Making a clear distinction between bottom-up and top-down processing might be useful in looking at individual parts of perception however, it may not be useful in understanding the whole process of perception. It may be like trying to understand how a plane flies and concentrating on just how the wings function without taking into account the engine. It is clear that we need bottom–up processing as the stimuli are the genesis of perception. However, this is not sufficient to explain perception completely as top-down processing can make sense of impoverished stimuli. As Normon (2002) suggests:
“…..they can coexist in a broader theory of perception.”

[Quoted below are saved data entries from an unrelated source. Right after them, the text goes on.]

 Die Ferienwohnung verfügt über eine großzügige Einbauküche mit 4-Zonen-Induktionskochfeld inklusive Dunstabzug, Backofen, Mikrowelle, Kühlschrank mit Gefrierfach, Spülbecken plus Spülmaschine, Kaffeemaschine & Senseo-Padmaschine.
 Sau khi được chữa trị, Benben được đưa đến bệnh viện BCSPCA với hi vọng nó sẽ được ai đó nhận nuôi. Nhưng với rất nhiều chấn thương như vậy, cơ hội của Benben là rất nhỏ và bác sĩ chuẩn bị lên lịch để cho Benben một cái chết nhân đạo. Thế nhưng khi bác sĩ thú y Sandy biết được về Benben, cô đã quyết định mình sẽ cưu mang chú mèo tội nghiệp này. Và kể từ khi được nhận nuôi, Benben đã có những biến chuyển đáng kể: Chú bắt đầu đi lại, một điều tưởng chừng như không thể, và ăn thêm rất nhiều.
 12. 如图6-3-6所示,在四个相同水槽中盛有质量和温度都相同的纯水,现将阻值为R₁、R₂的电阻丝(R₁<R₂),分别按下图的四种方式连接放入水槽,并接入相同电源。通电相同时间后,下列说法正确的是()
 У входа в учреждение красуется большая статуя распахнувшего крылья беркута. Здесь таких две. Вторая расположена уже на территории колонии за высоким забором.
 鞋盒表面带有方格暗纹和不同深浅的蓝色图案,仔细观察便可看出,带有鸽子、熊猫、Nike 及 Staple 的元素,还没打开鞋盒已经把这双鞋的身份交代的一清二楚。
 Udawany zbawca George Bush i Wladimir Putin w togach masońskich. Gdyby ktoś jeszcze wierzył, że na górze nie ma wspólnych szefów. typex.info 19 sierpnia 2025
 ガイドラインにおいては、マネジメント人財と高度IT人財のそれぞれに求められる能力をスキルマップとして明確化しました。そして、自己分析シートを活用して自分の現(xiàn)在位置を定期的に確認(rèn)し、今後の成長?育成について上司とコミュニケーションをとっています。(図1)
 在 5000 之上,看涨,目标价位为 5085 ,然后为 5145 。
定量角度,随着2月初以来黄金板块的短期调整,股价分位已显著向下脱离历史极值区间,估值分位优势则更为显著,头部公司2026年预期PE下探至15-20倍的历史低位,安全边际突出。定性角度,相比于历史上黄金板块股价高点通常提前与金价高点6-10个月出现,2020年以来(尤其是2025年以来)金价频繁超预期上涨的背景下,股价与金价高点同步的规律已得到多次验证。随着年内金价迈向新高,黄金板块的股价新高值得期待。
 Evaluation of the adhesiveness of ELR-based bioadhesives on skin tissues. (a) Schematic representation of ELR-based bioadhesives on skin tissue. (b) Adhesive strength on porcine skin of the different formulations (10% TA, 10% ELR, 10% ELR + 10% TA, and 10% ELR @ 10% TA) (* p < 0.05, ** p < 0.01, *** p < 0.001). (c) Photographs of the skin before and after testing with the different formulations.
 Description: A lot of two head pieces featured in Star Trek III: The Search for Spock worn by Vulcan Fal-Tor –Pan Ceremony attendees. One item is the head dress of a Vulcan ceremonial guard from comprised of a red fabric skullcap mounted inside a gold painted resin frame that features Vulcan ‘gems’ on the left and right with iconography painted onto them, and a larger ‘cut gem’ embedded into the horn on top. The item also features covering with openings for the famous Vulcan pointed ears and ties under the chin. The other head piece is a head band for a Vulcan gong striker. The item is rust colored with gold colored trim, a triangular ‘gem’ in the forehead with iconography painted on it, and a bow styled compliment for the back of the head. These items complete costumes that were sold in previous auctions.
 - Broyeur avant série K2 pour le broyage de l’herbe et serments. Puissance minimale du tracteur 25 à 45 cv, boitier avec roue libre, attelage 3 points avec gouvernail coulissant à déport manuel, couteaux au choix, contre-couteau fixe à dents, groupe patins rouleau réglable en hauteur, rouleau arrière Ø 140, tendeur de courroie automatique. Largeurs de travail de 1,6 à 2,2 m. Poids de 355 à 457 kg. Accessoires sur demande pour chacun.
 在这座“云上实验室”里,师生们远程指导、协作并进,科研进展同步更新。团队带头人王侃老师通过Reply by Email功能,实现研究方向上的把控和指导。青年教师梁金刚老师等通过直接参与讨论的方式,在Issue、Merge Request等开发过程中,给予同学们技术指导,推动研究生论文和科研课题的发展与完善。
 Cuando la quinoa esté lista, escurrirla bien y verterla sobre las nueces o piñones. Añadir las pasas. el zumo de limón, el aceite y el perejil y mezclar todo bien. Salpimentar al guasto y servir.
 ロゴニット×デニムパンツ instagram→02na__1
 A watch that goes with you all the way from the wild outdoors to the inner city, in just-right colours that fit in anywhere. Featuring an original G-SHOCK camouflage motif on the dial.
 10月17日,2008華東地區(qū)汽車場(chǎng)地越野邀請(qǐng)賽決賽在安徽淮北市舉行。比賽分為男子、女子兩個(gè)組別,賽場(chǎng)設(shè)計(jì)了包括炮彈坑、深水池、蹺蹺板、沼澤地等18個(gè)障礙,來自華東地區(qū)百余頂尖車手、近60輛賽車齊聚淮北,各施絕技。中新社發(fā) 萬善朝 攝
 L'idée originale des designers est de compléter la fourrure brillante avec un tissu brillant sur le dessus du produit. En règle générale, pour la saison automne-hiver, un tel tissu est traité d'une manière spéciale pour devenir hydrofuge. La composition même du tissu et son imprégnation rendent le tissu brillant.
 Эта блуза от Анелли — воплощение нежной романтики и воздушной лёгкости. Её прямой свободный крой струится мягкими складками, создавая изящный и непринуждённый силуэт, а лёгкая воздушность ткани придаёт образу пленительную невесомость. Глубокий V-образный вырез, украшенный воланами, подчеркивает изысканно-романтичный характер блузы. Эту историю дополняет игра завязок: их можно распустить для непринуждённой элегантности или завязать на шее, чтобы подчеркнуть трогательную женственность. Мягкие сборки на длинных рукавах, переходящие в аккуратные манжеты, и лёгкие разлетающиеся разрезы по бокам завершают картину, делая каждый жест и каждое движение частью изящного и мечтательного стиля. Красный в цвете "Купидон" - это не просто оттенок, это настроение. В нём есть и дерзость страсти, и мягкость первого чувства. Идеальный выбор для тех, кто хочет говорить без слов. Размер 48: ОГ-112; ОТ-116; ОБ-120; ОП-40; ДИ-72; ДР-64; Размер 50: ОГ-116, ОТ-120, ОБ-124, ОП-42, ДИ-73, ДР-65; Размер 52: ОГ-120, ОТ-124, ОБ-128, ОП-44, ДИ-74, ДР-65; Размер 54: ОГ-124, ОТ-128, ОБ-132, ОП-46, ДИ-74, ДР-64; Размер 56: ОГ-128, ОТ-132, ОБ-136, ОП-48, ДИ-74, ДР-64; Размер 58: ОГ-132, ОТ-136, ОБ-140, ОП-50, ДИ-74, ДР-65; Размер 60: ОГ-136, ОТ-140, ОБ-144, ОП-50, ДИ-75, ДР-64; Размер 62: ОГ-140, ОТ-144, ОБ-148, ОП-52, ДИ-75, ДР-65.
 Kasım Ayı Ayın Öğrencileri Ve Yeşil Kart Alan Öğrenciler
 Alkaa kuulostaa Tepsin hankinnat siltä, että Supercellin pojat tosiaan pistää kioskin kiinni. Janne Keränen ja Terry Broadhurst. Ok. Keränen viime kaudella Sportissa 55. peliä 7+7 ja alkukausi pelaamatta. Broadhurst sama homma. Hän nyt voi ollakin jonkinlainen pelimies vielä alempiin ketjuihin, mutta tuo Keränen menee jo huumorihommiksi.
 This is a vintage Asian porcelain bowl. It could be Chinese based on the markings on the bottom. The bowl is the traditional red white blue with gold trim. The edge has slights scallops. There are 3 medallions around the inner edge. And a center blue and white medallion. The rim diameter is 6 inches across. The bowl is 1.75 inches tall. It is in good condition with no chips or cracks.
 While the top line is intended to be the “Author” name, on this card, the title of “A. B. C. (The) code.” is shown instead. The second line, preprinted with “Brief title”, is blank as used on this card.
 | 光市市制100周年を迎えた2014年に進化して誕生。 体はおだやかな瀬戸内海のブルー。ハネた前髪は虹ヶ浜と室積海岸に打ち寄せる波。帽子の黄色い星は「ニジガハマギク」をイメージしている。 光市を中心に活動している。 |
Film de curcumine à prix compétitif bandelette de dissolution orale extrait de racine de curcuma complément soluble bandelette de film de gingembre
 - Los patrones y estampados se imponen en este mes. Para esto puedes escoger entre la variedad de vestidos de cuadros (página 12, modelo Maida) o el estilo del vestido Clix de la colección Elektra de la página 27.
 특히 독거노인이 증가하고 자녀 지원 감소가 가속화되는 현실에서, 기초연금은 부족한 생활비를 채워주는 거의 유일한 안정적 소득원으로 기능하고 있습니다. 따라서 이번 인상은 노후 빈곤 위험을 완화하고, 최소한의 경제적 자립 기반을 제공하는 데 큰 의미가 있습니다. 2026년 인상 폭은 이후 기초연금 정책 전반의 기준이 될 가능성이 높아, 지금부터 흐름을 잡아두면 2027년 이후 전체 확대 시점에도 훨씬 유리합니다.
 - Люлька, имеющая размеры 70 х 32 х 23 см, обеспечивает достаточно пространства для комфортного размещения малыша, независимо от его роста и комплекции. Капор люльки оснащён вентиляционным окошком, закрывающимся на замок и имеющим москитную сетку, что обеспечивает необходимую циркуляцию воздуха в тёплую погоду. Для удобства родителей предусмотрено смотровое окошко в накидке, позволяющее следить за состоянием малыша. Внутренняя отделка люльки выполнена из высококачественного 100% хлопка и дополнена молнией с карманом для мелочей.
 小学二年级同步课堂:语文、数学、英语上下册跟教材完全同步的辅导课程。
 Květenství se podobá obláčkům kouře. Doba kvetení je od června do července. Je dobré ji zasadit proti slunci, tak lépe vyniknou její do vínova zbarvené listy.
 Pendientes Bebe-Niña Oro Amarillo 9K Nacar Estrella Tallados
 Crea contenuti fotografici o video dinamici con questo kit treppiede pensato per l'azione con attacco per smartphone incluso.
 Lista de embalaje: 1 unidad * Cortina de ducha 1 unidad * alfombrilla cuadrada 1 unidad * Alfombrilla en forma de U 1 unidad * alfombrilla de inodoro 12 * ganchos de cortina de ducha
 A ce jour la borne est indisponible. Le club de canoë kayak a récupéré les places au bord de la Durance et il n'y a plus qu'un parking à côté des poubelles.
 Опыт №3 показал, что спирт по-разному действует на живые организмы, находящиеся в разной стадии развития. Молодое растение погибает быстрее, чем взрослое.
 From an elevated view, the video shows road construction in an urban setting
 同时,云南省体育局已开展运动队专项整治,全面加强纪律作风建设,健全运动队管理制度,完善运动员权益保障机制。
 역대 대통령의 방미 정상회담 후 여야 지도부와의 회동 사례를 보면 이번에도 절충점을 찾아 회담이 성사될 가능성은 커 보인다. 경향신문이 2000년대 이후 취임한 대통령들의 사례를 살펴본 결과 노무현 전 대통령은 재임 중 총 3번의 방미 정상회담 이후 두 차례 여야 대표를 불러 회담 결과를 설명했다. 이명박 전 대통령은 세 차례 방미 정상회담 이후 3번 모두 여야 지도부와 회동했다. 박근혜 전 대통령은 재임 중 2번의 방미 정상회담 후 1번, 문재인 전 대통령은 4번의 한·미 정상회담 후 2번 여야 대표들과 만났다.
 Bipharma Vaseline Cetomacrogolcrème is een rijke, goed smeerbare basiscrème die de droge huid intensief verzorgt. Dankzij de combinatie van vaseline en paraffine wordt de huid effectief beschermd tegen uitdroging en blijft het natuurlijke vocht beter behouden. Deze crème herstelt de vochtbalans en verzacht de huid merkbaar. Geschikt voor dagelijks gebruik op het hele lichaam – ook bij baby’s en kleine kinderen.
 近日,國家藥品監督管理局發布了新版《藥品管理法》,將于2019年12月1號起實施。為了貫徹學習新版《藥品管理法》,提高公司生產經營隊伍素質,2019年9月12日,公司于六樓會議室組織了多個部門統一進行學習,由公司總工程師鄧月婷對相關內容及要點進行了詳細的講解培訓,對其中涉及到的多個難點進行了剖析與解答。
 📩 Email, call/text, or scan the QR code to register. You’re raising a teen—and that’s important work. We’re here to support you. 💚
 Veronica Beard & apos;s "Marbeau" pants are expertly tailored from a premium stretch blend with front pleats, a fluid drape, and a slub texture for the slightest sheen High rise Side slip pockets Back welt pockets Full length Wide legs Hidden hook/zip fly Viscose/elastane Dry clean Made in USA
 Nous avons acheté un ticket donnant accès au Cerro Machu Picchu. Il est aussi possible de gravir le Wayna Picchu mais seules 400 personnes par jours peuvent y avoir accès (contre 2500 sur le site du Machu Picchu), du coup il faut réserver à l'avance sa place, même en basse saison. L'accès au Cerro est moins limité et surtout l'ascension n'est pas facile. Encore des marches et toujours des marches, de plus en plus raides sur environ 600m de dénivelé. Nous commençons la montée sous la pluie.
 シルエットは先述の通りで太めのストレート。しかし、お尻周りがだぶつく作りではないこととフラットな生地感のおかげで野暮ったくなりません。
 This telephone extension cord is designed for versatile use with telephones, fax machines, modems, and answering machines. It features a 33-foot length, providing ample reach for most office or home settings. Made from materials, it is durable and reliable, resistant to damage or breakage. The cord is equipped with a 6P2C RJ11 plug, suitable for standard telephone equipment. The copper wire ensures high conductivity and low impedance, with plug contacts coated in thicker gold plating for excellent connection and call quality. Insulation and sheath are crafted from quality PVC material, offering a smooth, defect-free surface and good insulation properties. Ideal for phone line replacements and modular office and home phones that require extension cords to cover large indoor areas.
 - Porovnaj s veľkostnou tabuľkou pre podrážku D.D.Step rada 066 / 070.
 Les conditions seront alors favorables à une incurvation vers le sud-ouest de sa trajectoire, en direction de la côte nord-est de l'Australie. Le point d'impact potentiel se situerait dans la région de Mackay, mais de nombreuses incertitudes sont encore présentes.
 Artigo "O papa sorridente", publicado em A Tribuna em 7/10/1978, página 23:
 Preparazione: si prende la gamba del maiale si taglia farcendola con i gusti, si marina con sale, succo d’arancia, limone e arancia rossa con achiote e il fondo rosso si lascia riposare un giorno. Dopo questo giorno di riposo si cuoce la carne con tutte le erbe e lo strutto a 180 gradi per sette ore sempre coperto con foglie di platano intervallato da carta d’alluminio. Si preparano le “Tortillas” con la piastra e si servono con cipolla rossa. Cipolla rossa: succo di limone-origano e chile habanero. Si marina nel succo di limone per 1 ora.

Like the ventral and dorsal streams, the Enns and Di Lollo research strongly suggest a dual approach with bottom- up and top-down processes providing a more holistic approach to perception. However, further research is needed to explain how these processes fully interact particularly in relation hypothesis testing such as when we stop forming hypotheses or how we finally decide which one is correct.
References
BBC. (2003, November). Reith lectures 2003: The emerging mind. Retrieved from http://www.bbc.co.uk/radio4/reith2003/lecture3.shtml
Enns, J. T., & Di Lollo, V. (2000). What's new in visual masking? Cognitive Science, Vol 4, 345-52.
Norman, J. (2002). Two visual systems and two theories of perception: An attempt to reconcile the constructionist and ecological approached. Behavioural and Brain sciences, 25(no 1), 73-96.
Pike, G., & Edgar, G. (2005). Perception. In H. Kaye (Ed.),Cognitive Psychology (2nd ed., pp. 63-104). Milton Keynes, England: The Open University.